Scientific classification
- Kingdom: Animalia
- Phylum: Chordata
- Class: Aves
- Order: Charadriiformes
- Family: Jacanidae
- Genus: Irediparra Mathews, 1911
- Species: I. gallinacea
- Binomial name: Irediparra gallinacea (Temminck, 1828)

= Comb-crested jacana =

- Genus: Irediparra
- Species: gallinacea
- Authority: (Temminck, 1828)
- Conservation status: LC
- Parent authority: Mathews, 1911

Species of bird

The comb-crested jacana (Irediparra gallinacea), also known as the lotusbird or lilytrotter (though these names are sometimes used to describe Jacanidae as a whole), is the only species of jacana in the genus Irediparra. Like other jacana species, it is adapted to the floating vegetation of tropical freshwater wetlands.

==Description==

This species is unmistakable.
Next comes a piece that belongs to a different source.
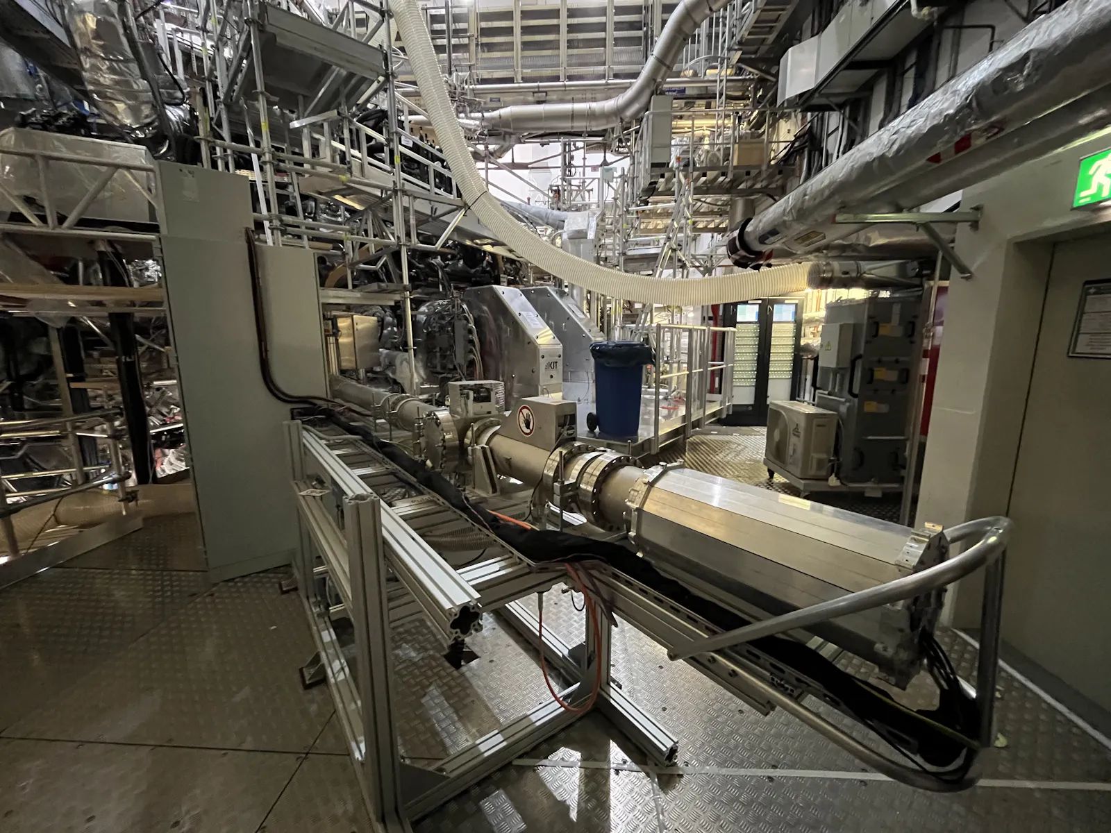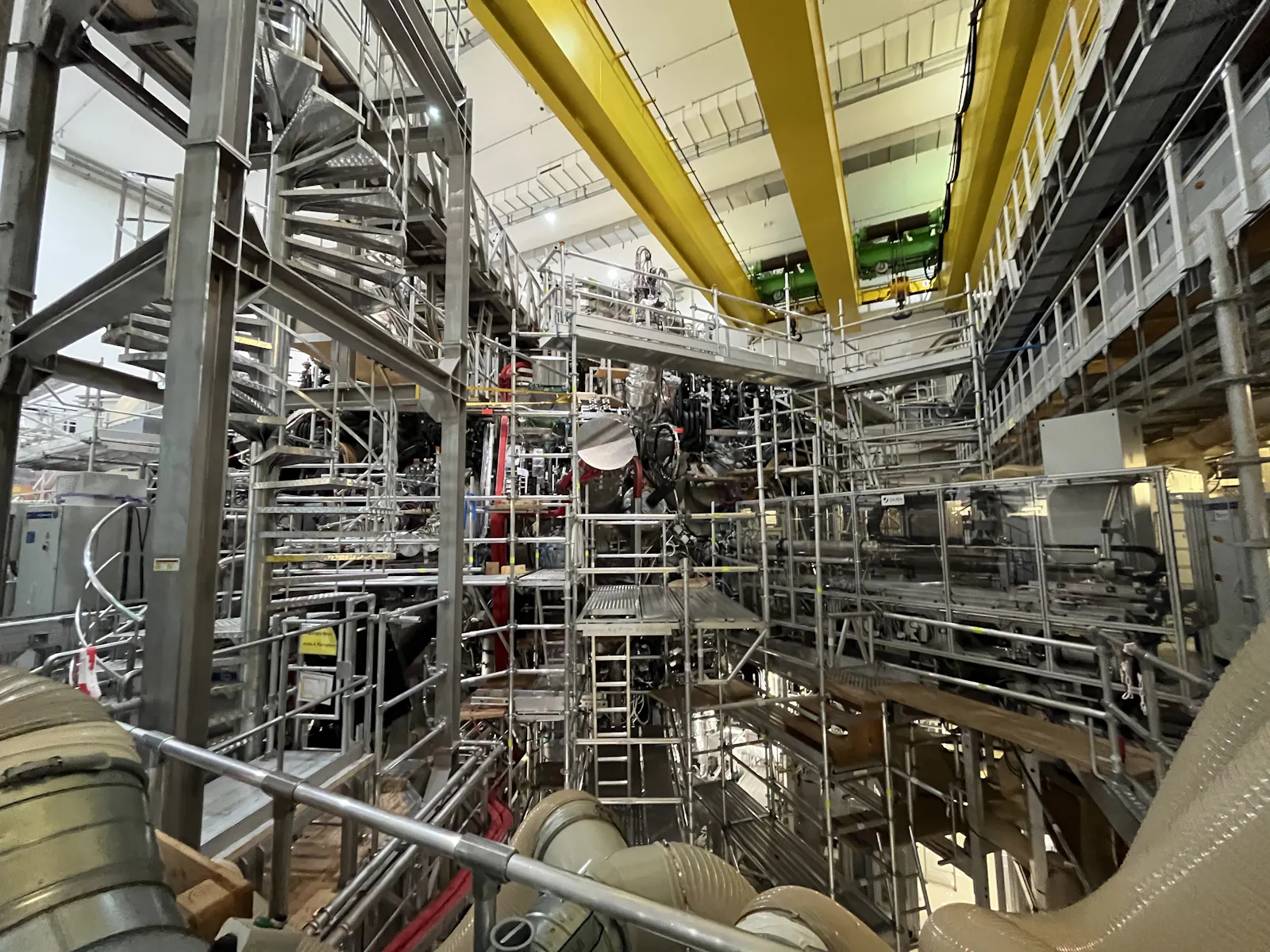 In der Halle des Stellarators wird möglichst wenig Eisen verbaut, um die Magnetfelder nicht zu beeinflussen, deswegen sind alle Laufgänge aus Alu.
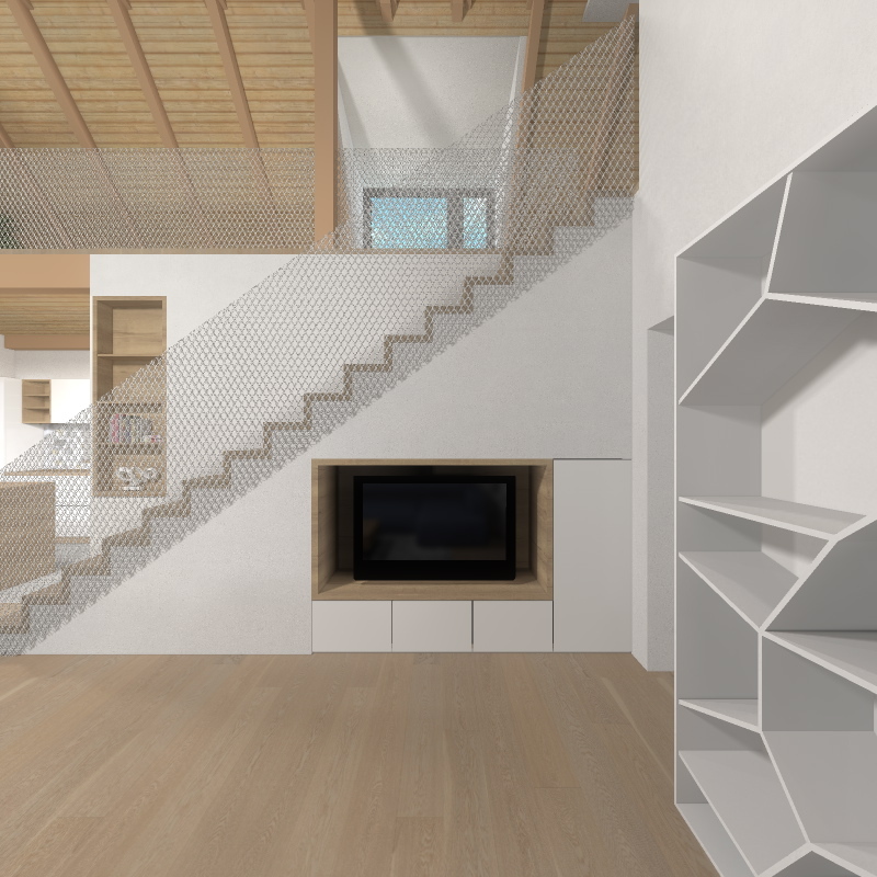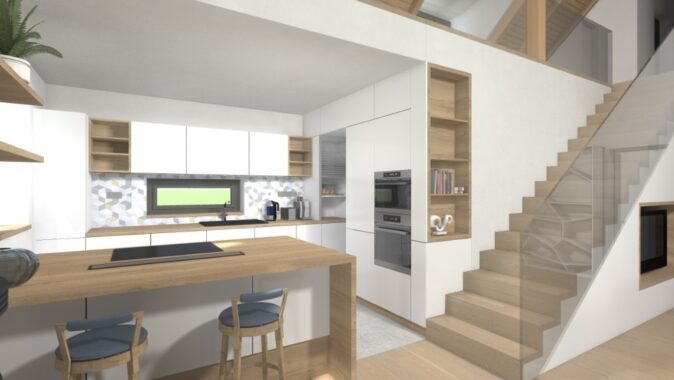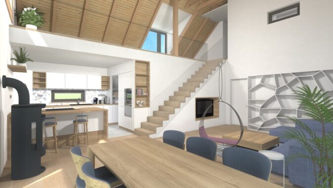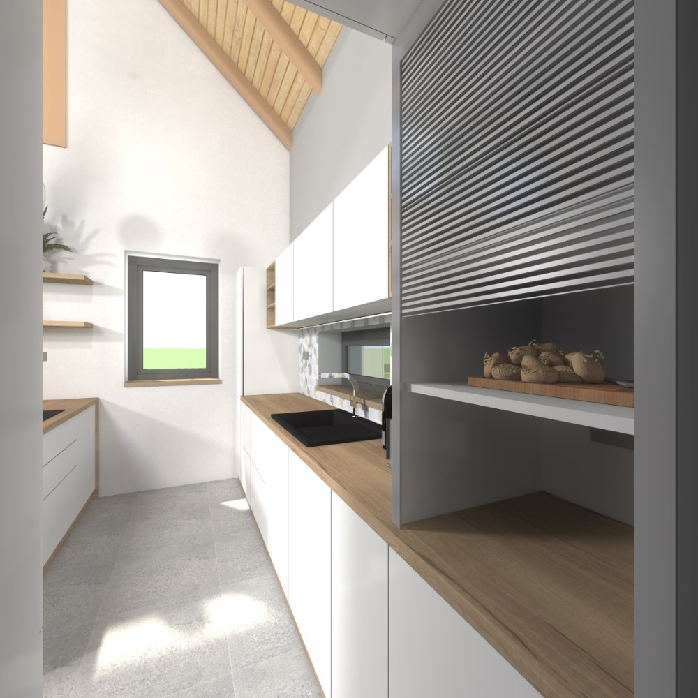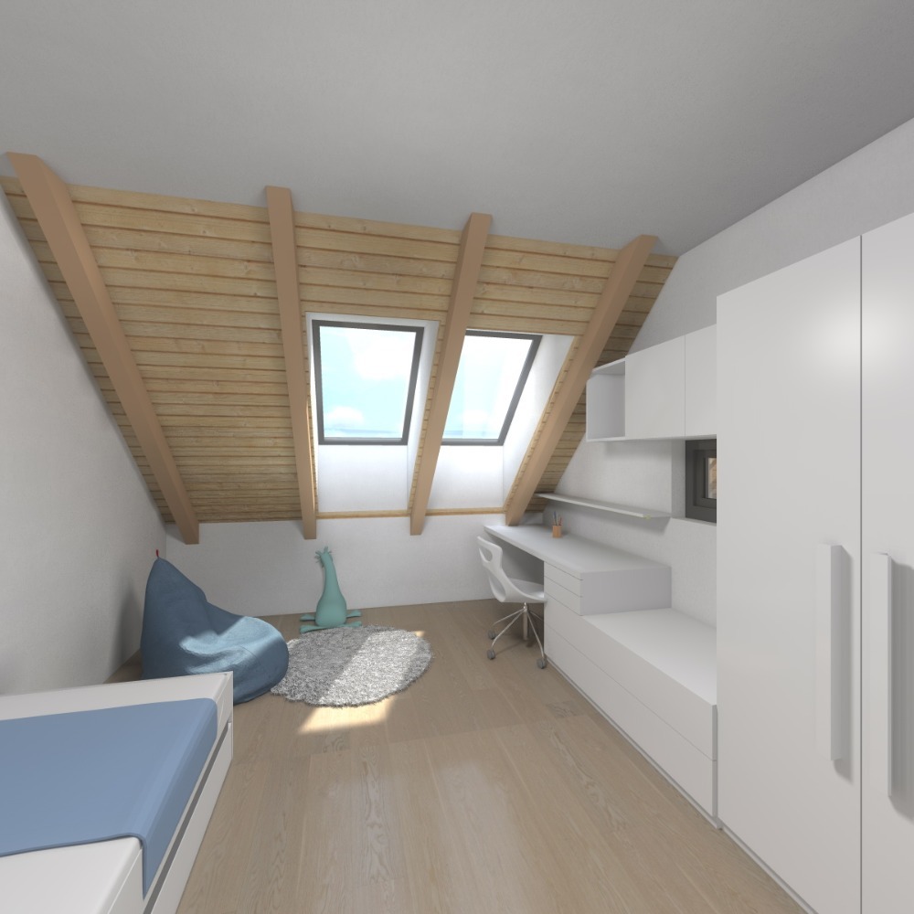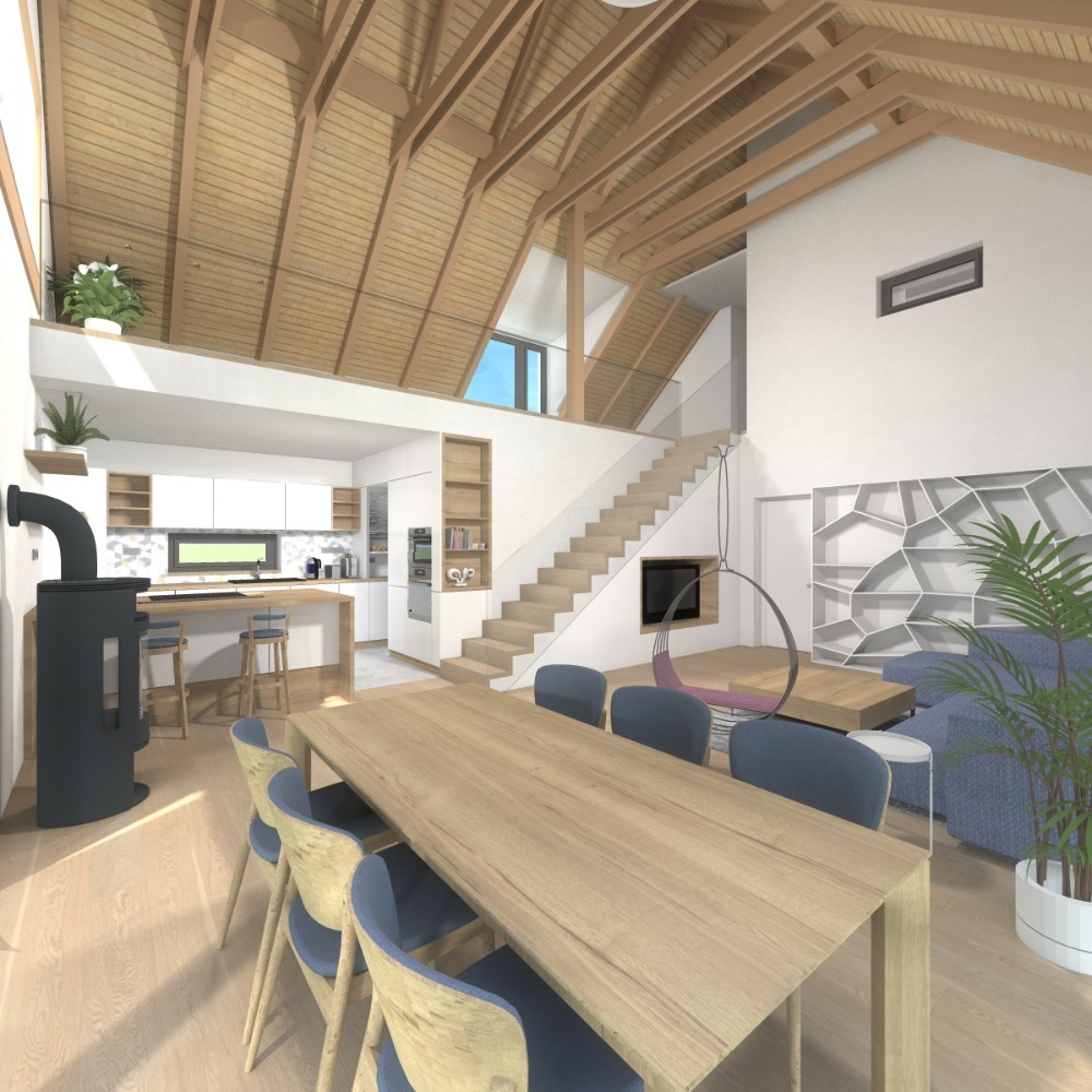 Celý prostor bude navíc působivě otevřen do hřebene střechy s palubkovým obložením na vnitřní straně. „Říkám tomu katedrála, takto si to vymyslela dcera,“ pokračuje Jaroslav Praveček. Prostorné přízemí ještě pojme pracovnu, ložnici s vlastní koupelnou a samostatnou toaletu. Do patra vede schodiště a navrženy tu jsou dva pokoje, koupelna, šatna a otevřená galerie s průhledem do přízemí.

It has a black crown and hindneck with a fleshy red wattle covering the forehead and forecrown, contrasting with a white face and throat. The comb is pinker in breeding adults, more orange when not breeding. There is a broad black band on the lower breast with white belly. The underwing and flight feathers, which show most prominently in flight, are black. Back and upperwing mainly grey-brown with black primary coverts, rump and tail. The long legs with extremely long toes trail in flight. The male is slightly smaller than the female and measures 20–22 cm in length and weighs 68–84 g. The female measures 24–27 cm in length and weighs 120–150 g. The wingspan ranges from 39 to 46 cm.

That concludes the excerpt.